Inspiration and method behind computer vision

Recognition and synthesis of objects enables AI to manipulate them, creating images and videos that humans cannot distinguish from reality.

Object recognition is preceded by teaching AI to “see” objects: processing and segmenting captured images, detecting objects, including moving ones, understanding full scenes. For humans, the process of identifying objects in the scene and understanding subtle relationships takes mere seconds, but the AI has to break a 50-second video into 3,000 fames of images to see and understand the video. This is done with the help of computer vision (CV).

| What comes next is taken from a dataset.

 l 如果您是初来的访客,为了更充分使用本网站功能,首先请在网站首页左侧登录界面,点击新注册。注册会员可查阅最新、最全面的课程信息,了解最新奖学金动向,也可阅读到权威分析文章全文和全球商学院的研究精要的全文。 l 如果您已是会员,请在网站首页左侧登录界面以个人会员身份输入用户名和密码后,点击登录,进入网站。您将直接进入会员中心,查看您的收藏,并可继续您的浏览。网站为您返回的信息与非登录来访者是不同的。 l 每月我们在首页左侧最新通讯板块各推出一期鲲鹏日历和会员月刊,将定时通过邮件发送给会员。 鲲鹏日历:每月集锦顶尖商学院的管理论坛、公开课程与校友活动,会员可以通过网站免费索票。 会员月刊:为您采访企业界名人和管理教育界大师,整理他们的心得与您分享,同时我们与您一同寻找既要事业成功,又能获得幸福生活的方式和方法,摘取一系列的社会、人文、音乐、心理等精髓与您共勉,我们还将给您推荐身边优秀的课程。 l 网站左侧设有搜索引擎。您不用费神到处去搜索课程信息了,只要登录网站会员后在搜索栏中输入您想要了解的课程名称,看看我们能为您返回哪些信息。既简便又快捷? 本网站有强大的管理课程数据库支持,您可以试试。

It works on convolutional neural networks (CNNs), which were inspired by the way human vision works. As Dr. Kai-Fu Lee and Chen Qiufan also explain in their “AI 2041. Ten Visions for Our Future” book, our visual cortex uses neurons corresponding to multiple receptive fields, which identify basic features reported to the neocortex, where information is stored hierarchically and processed. CNNs have multiple filters acting as receptive fields, and deep learning decides through optimization what each filter learns. The higher layers of the networks are organized like the neocortex, detecting parts of the object to see it and distinguish it from other objects. CNNs were first discussed four decades ago, but there was not enough data and computational power in the 1980s to demonstrate the potential of these networks. Now, they are the best approach to computer vision.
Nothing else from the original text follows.